Raytracing
The concept
simple raytracing
With ray tracing we follow paths, originating from a camera, going through an image plane (aka the pixels) until we hit an object in our 3D scene. If we hit something we can save that information in a pixel on the image plane and construct an image this way. This information is the alpha, the transparency of the pixel. If we didn't hit anything we consider the pixel to be transparent or whatever we define as a background color. We can also return the color that was specified in the objects material.
However, just a color and a transparency value isn't particularly impressive to look at. To get more information like shading, shadows or reflections out of our 3D scene we need cast more specialized rays. But instead of originating from the camera, those rays start where the previous ones ended - where we hit the object.
Taking it further: primaray and secondary rays
simple raytracing
To determine if our current sample is being lit by a light source or lies in shadow we need to shoot shadow rays towards the light source. So for each hit point in our scene we shoot a ray towards the light. If we hit something we know that there must be an object in the way and that our sample is in shadow, if we don't hit something the sample is being lit by the light source. We may even have to do this multiple times in case of a light source that is not just a point - like an area light. This will then result in soft shadows depending on how much of the light is obstructed.
Most of the time we also have more than one light source in the scene so we need to repeat the process for each and every light source which can, of course, add up to a considerable amount of rays, just for one single pixel in the image.
But this, again, is only the beginning. There are other rays we can shoot for different additional effects like reflection, refraction, translucency, and sub-surface scattering. The basic principle stays the same. We usually refer to the first rays (the red ones) as primary rays (or camera/eye rays) and all the subsequent types as secondary rays (shadow, reflection, etc). See the reading list below for more examples.
Secondary rays may also send out additional rays to determine the color to return. Think of a reflection ray that hits another object. You basically have to do the same thing as you did starting from the camera to determine what the reflection acutally looks like.

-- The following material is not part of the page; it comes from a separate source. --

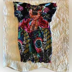 Elegant button down shirt with pink, yellow, and tan stripes. Wrinkle resistant fabric. Great for any occasion. Size 14 in excellent pre-owned condition.

As discussed in the "sampling" chapter, the amount of samples we collect is crucial for the amount of noise (or smoothness) of the result. This not only applies to the primary but also to the secondary rays. If, for example, an area light is used in our scene, we need more shadow rays to get clean and smooth shadows. If we only shoot one shadow ray per pixel we get a very noisy and unrealistic result. We want to shoot several shadow rays towards the area light to get information about how much of the light is actually obstructed. So the same principle as discussed in "sampling" applies here as well.